• _Supplied data_:
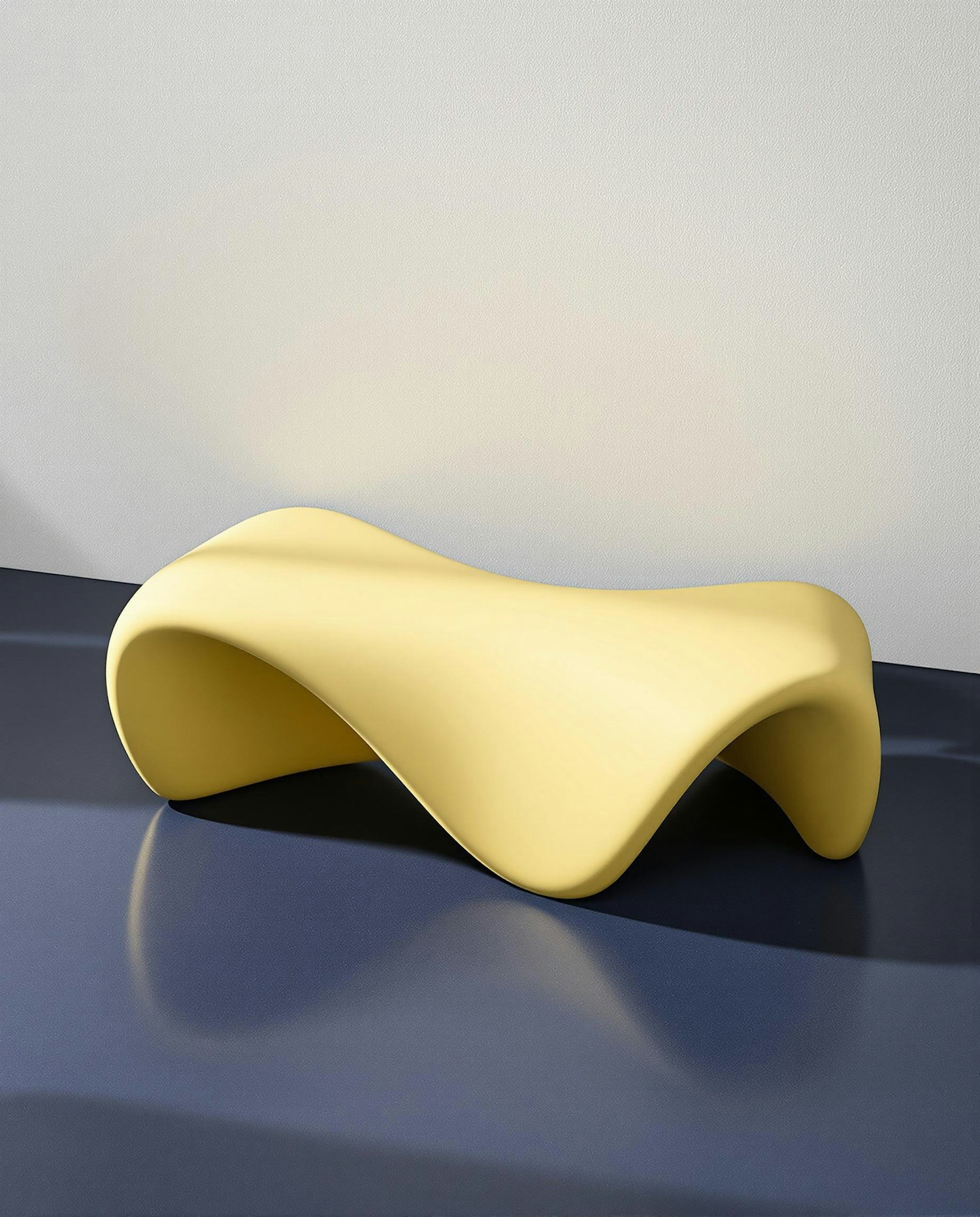 editorial product photo, dramatic studio lighting with soft shadows, carefully styled composition, bold modern background in expressive color or texture, refined materials, high contrast, clean lines, minimal-maximal art direction, luxury design magazine aesthetic diagonal top view of a design bench in matte pale yellow with exaggerated curves, centered on a navy floor, against a textured wall in soft white
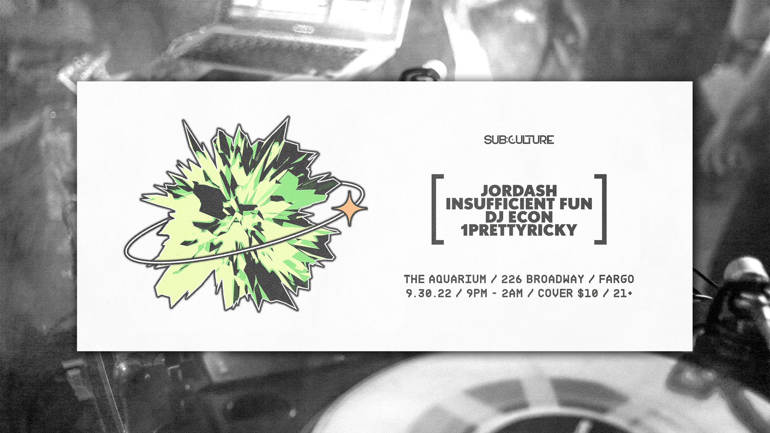 Sub:Culture is an electronic music promoter and was looking for promotional materials for an upcoming show at The Aquarium in Fargo, North Dakota.
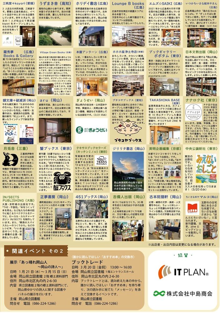 あわただしくイベントの告知が続きますが、3/20、21は地元・岡山市で開催されるイベントに出店します。
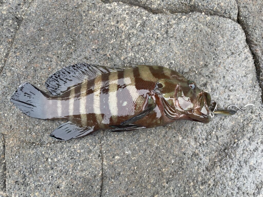 沖磯で根魚やヒラスズキをかけましたが、フックが小さく弱い為バレました💦
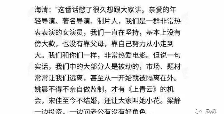 尽管海清的话中有不少不甚圆满的地方,但结合事后宋佳、姚晨、梁静、马伊琍共同发的微博来看,这席话应该是四位经过考虑后在青年影展闭幕式上,面对着众多的青年导演、制片人,讲的一席诚恳的真心话。
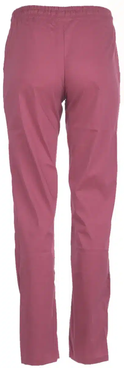 Дамски панталон втален в цвят малина, изработен от мека и приятна на допир материя. Моделът е снабден с ластик и връзки на кръста. Двата италиански джоба довършват елегантната визия на медицинския панталон. Подходящ е за медицински персонал, за дами, работещи в сферата на здравеопазването и детските заведения. За завършена визия, може да съчетаете панталон втален малина с много от нашите медицински туники.
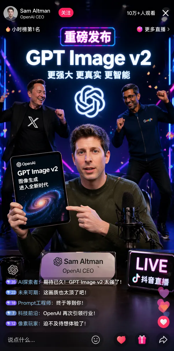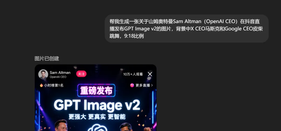 例如本文的第一张,奥特曼直播,也是 Image v2 一句话生成的:
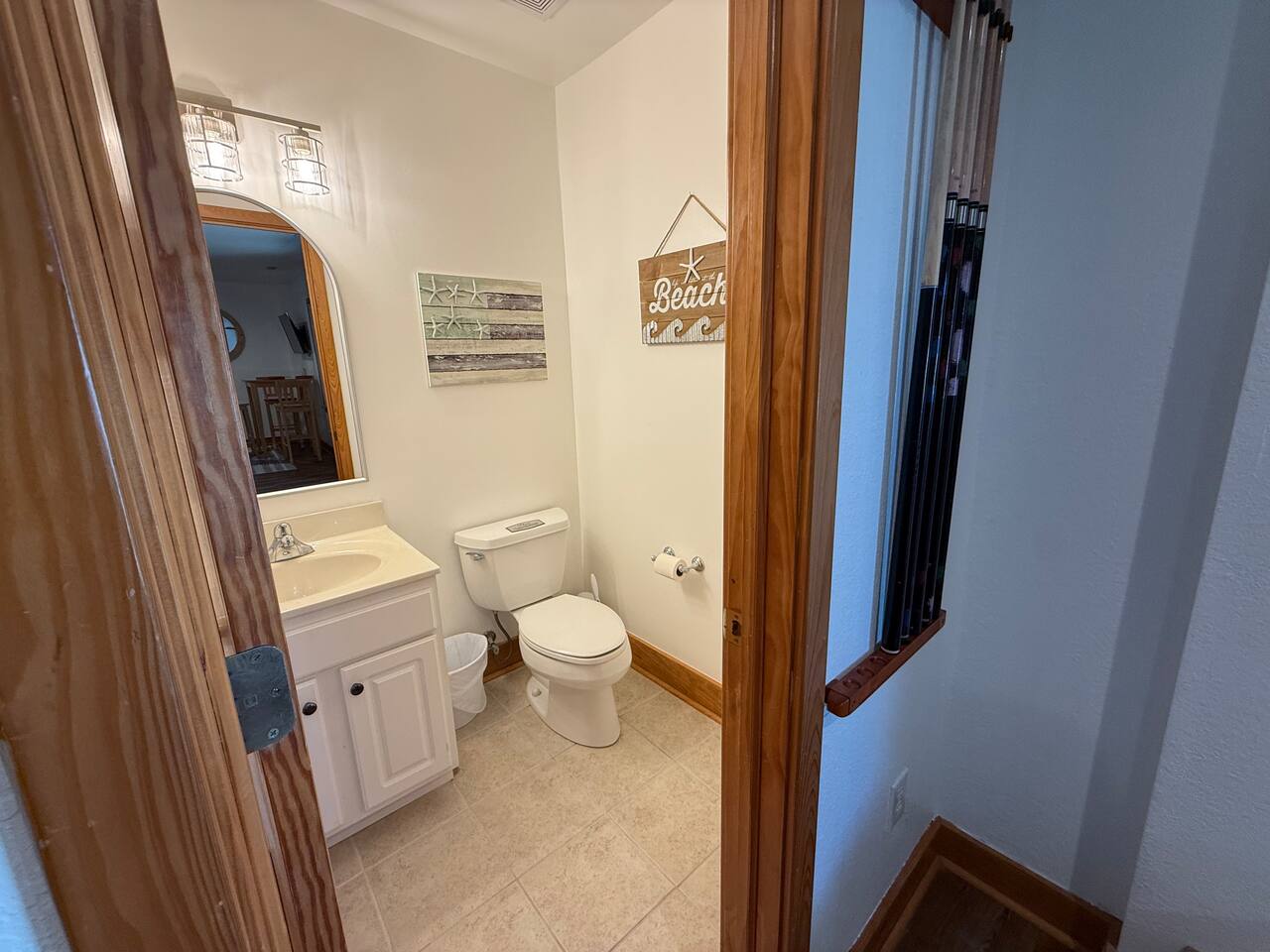 TOP LEVEL: *Open living room and dining area *Master bedroom with king bed + full bathroom with tub/shower combo *Deck access w/ Oceanview *View of the Wright Brothers Memorial *Half bathroom SECOND LEVEL: *Full bathroom with dual vanities and tub/shower combo *Queen bedroom *Queen bedroom with TV *Largest King Suite with dual-vanity bathroom and tub/shower combo GROUND LEVEL: *Stackable washer/dryer *Kitchenette / wet bar with full-size refrigerator *Half bathroom *Pool table *Bar table with seating for three *Full-size Arcade Games *Sleeper couch + TV OUTDOOR SPACE: *Fully-fenced backyard *Outdoor Shower *Fire-pit with seating *Picnic Table
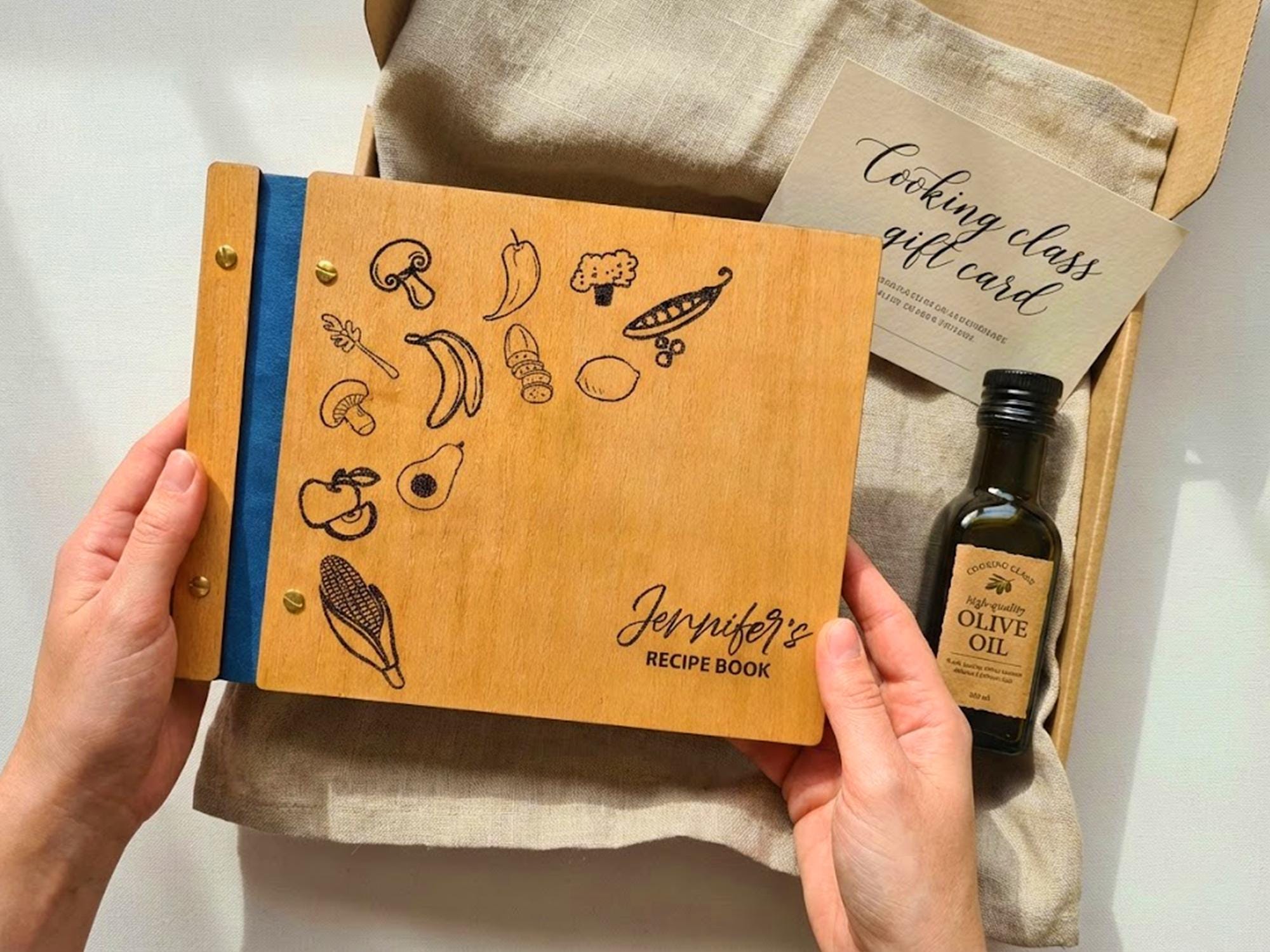We make it truly personal by engraving their name (like “Jennifer’s Recipe Book”) in a beautiful script font, turning it into a one-of-a-kind keepsake they will treasure for years.
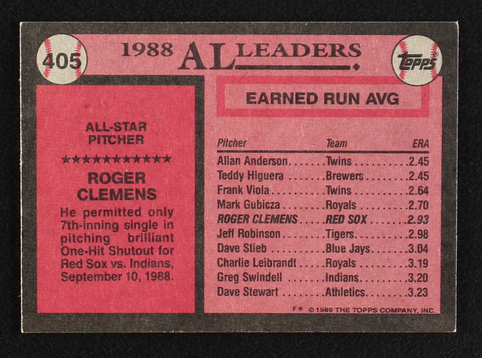 Roger Clemens 1989 Topps #405 AS
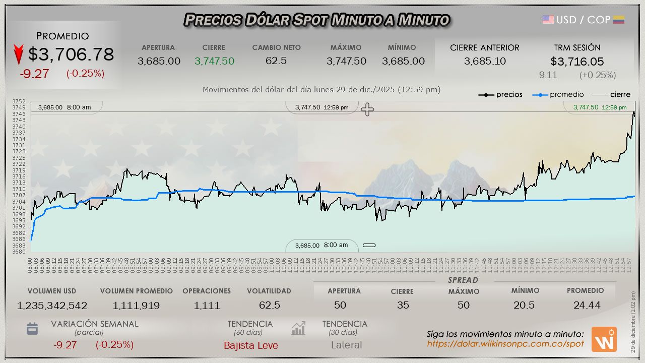 Esta es la TRM vigente del lunes 29 de diciembre de 2025, con validez desde el sábado 27 de diciembre hasta la fecha de hoy. Un (1) dólar estadounidense equivale a $3,716.05 (tres mil setecientos dieciséis pesos con cinco centavos colombianos).
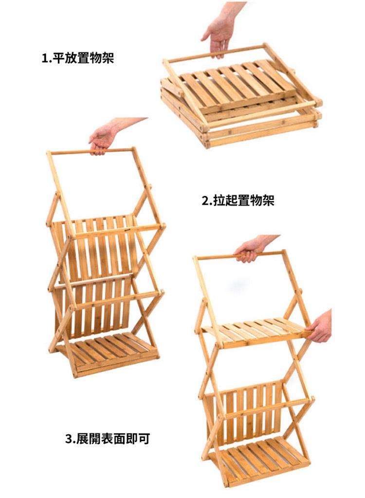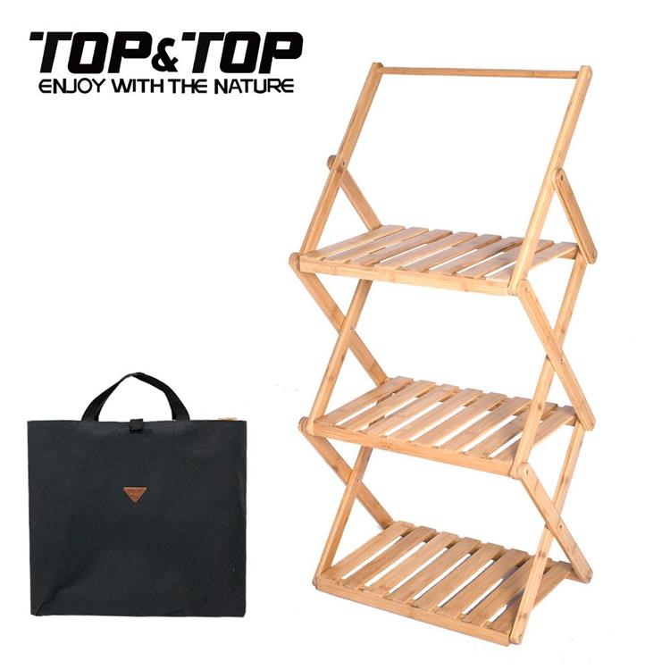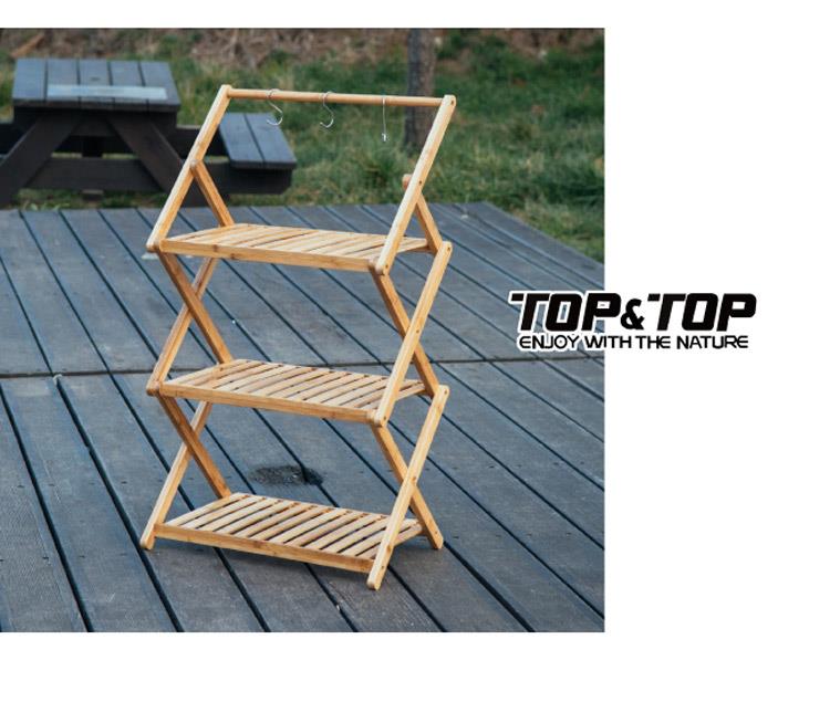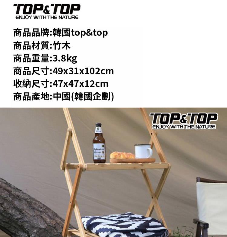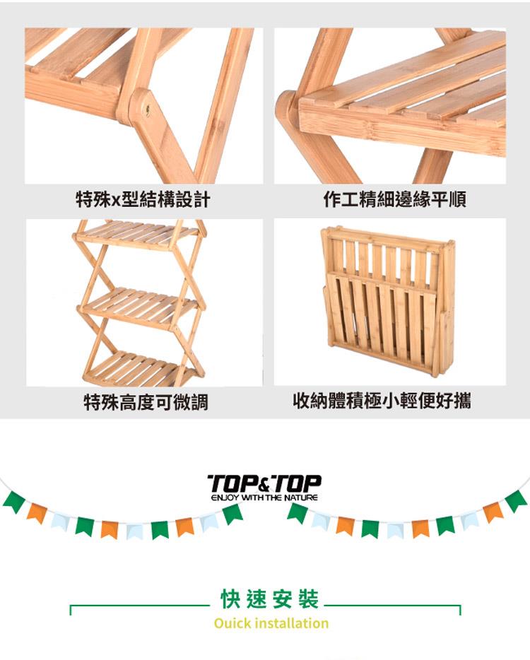 【韓國TOP&TOP】折疊式三層實木置物架 贈收納袋/木架/露營架/木紋
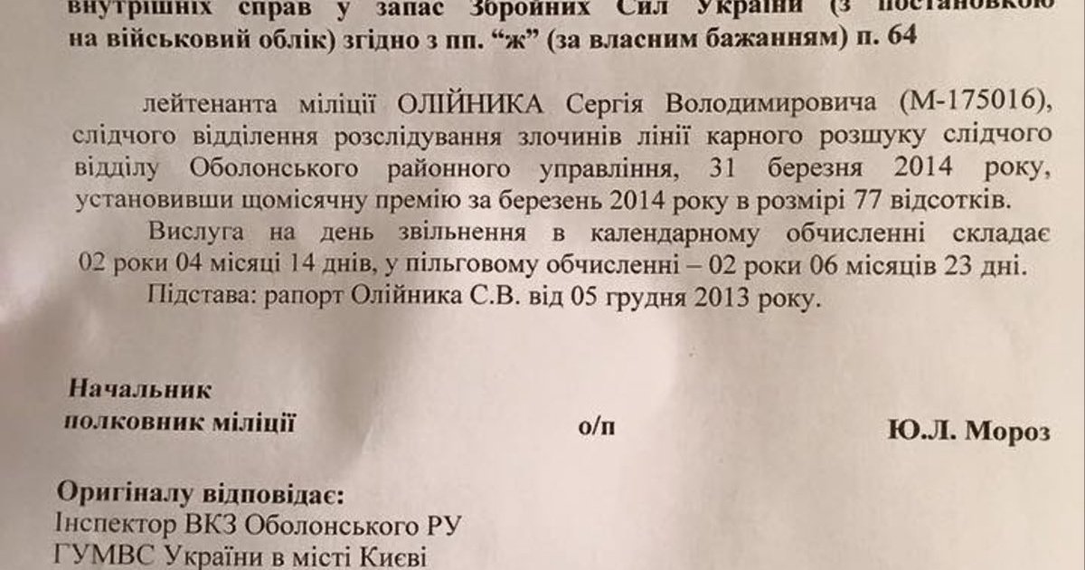 Как сообщает Цензор.НЕТ, об этом заявил народный депутат от "Народного фронта" Антон Геращенко на своей странице в Facebook.По его словам, Олийнык во времена Майдана работал в Оболонском райотделе Киева и 5 декабря 2013 года написал рапорт об увольнении по собственному желанию.

• _Task goal_: In the listing above, find the line with "例如本文的第一张,奥特曼直播,也是 Image v2" and the line with "TOP LEVEL: *Open". Copy both of them and every line between, exactly, but not the pictures.

• _Task solution_:
 例如本文的第一张,奥特曼直播,也是 Image v2 一句话生成的:
 TOP LEVEL: *Open living room and dining area *Master bedroom with king bed + full bathroom with tub/shower combo *Deck access w/ Oceanview *View of the Wright Brothers Memorial *Half bathroom SECOND LEVEL: *Full bathroom with dual vanities and tub/shower combo *Queen bedroom *Queen bedroom with TV *Largest King Suite with dual-vanity bathroom and tub/shower combo GROUND LEVEL: *Stackable washer/dryer *Kitchenette / wet bar with full-size refrigerator *Half bathroom *Pool table *Bar table with seating for three *Full-size Arcade Games *Sleeper couch + TV OUTDOOR SPACE: *Fully-fenced backyard *Outdoor Shower *Fire-pit with seating *Picnic Table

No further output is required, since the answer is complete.